WORK INSTRUCTION: Exactly the lines from the line that has "Modern und feminin: Bezauberndes" through the final line below are to be retyped, and the pictures are not.

AVAILABLE RECORDS:
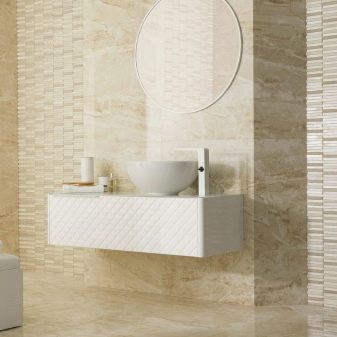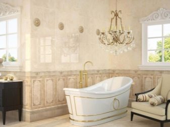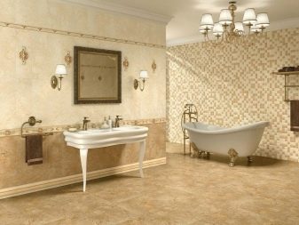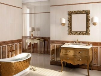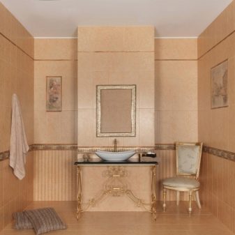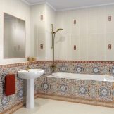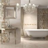 Les styles proposés par les fabricants espagnols ne sont pas moins diversifiés. Par exemple, lors de la décoration d'une salle de bain dans un style classique Vous pouvez choisir des nuances plus foncées pour le bas du mur et disposer une tuile plus claire à l'étage. Pour un style high-tech, privilégiez les tons gris. Dans ce cas également, vous pouvez utiliser des carreaux blancs, des inserts en argent et en verre, imitation de métal. Pour faire une salle de bain Art nouveau carrelage recommandé teintes pastel que l'on retrouve dans la faune, par exemple la version beige.
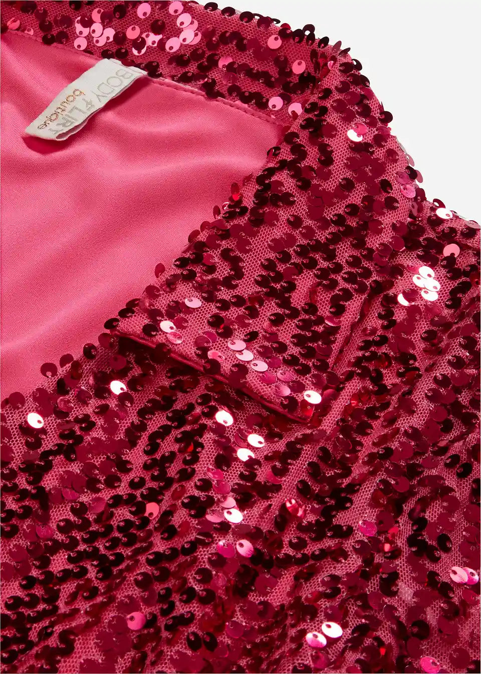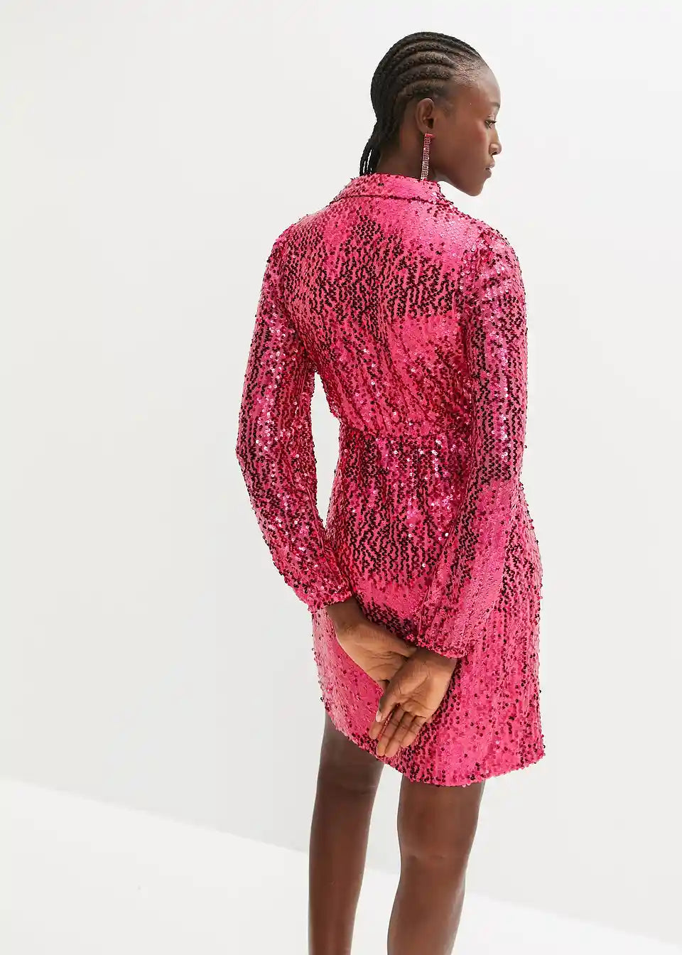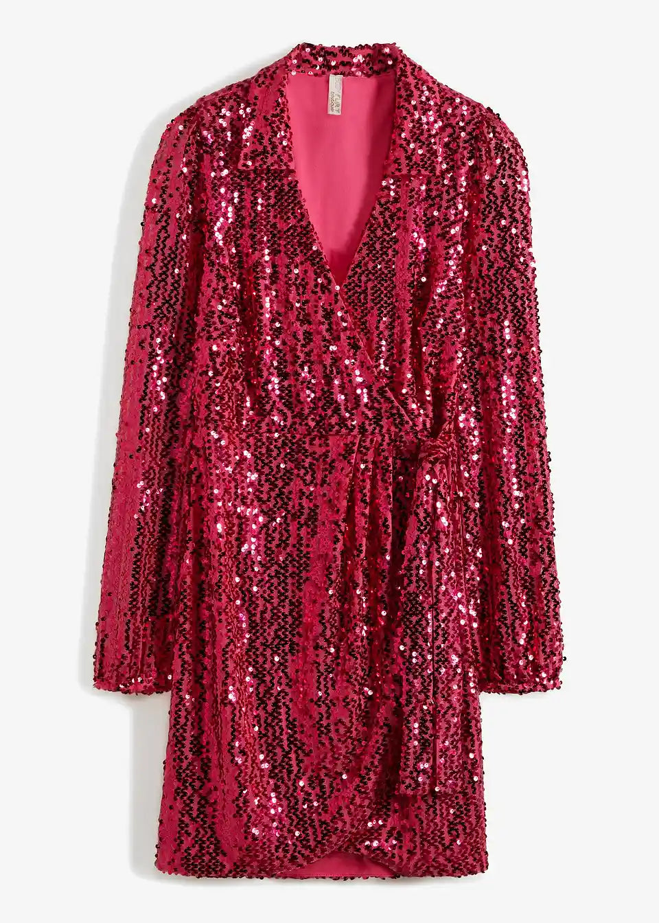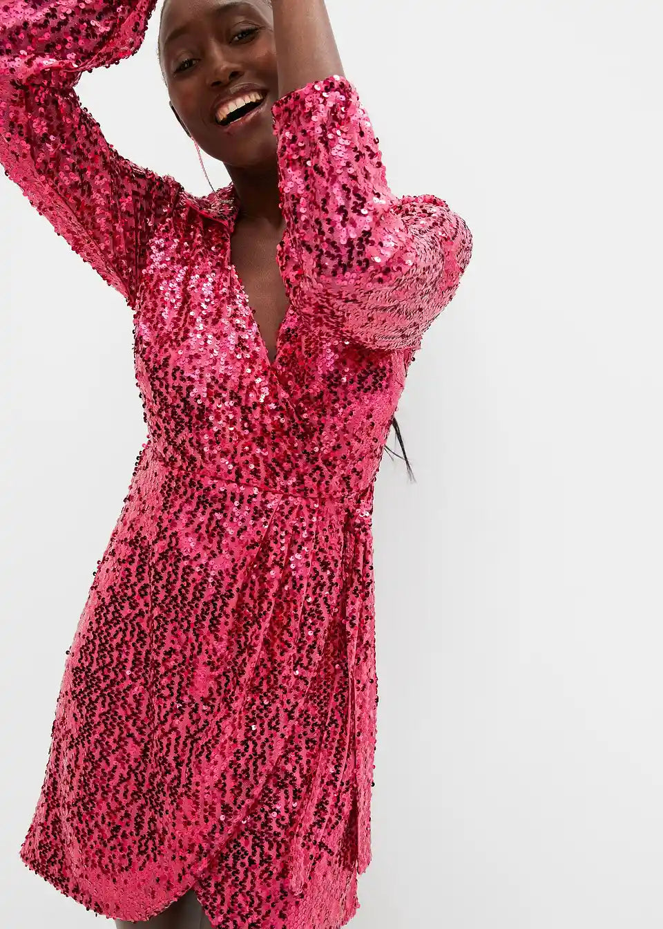 Modern und feminin: Bezauberndes Partykleid mit Pailletten. Mit seinem liegenden Kragen, Wickeloptik und Raffungen, macht es das Kleid zu einem wahren Eye-Catcher.
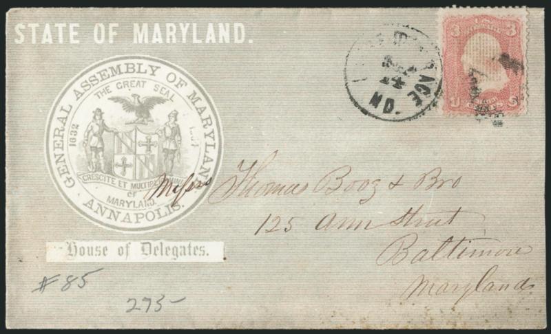 1560 c Image3c Rose, D. Grill (85). Two, first bright color, perf flaw at right, tied by cork, indistinct strike of "Havre de Grace Md. Nov. 14" circular datestamp on State of Maryland Patriotic cover to Baltimore, slightly reduced at right, Fine, second with clear grill, tied by target, "Lowell Mass. Apr. 6" circular datestamp on cover to Boston, stamp lifted to confirm the grill and hinged in place, some edge tears, otherwise Fine (Image)
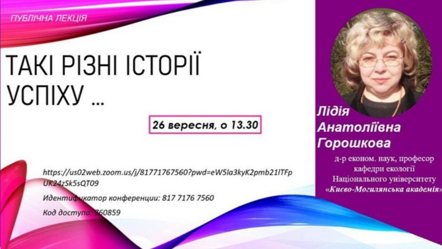 26 вересня 2022 року у НаУКМА відбулася публічна лекція на тему: «Такі різні історії успіху…». Лектор: докторка економічних наук, доцент, професор кафедри екології НаУКМА Лідія Горошкова.
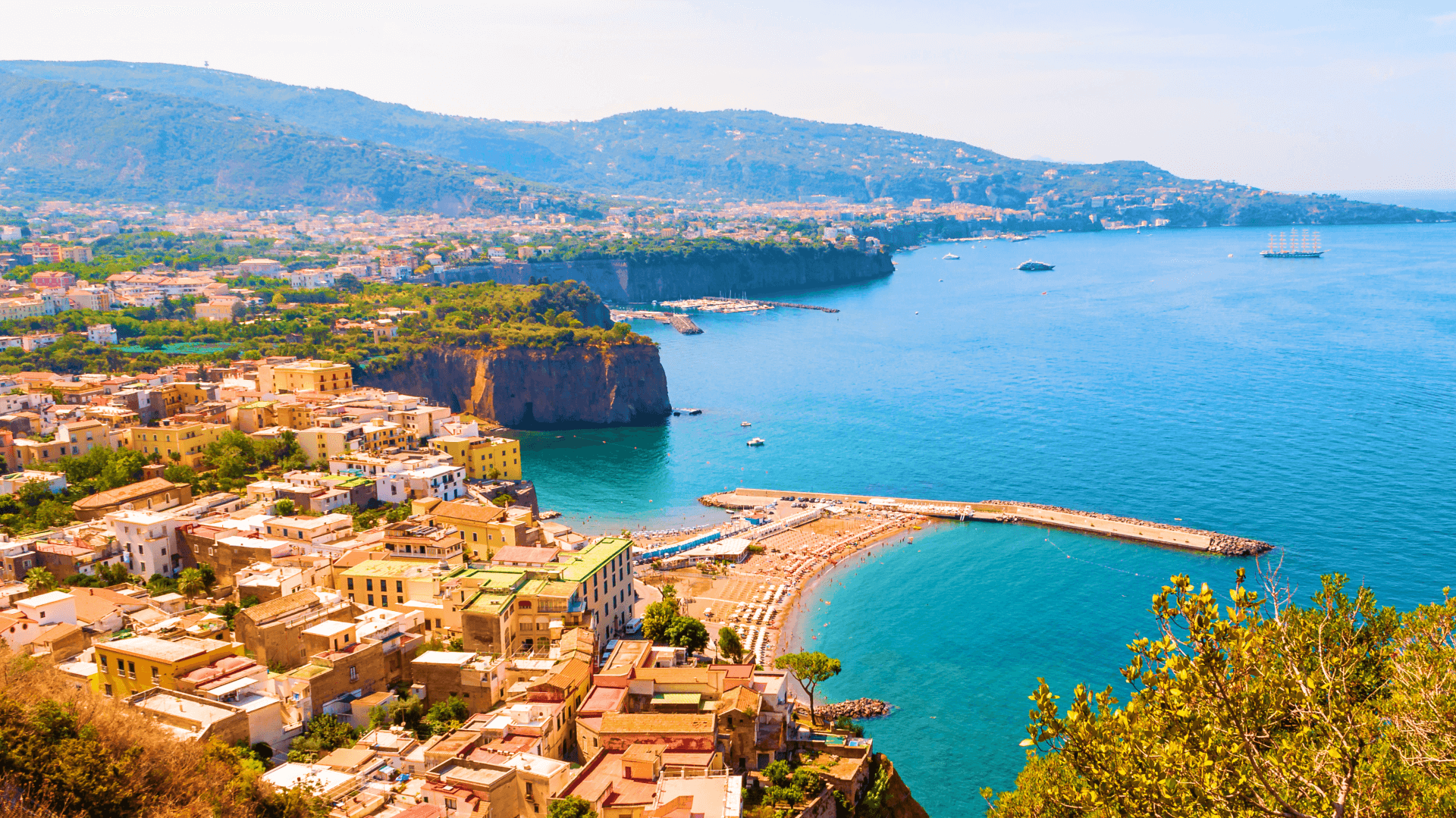 The beach at Sant Agnello may be small but it is perfectly formed, hugging the rocky coastline, overlooked by spectacular cliffs and quieter than most of its neighbours even during the peak summer season. There are steps and an elevator down the steep incline and on a clear day you can even see the imposing Mount Vesuvius looming in the distance. There are shower and toilet facilities plus a couple of refreshment stalls; all you need for the perfect day at the beach on holidays to Sant Agnello. For a change of scenery, Punta Sant Elia is just along the coast and a few miles to the north lies the Bay of Leranto with small green islets and a quaint Italian harbour.

EXERCISE OUTPUT:
 Modern und feminin: Bezauberndes Partykleid mit Pailletten. Mit seinem liegenden Kragen, Wickeloptik und Raffungen, macht es das Kleid zu einem wahren Eye-Catcher.
 1560 c Image3c Rose, D. Grill (85). Two, first bright color, perf flaw at right, tied by cork, indistinct strike of "Havre de Grace Md. Nov. 14" circular datestamp on State of Maryland Patriotic cover to Baltimore, slightly reduced at right, Fine, second with clear grill, tied by target, "Lowell Mass. Apr. 6" circular datestamp on cover to Boston, stamp lifted to confirm the grill and hinged in place, some edge tears, otherwise Fine (Image)
 26 вересня 2022 року у НаУКМА відбулася публічна лекція на тему: «Такі різні історії успіху…». Лектор: докторка економічних наук, доцент, професор кафедри екології НаУКМА Лідія Горошкова.
 The beach at Sant Agnello may be small but it is perfectly formed, hugging the rocky coastline, overlooked by spectacular cliffs and quieter than most of its neighbours even during the peak summer season. There are steps and an elevator down the steep incline and on a clear day you can even see the imposing Mount Vesuvius looming in the distance. There are shower and toilet facilities plus a couple of refreshment stalls; all you need for the perfect day at the beach on holidays to Sant Agnello. For a change of scenery, Punta Sant Elia is just along the coast and a few miles to the north lies the Bay of Leranto with small green islets and a quaint Italian harbour.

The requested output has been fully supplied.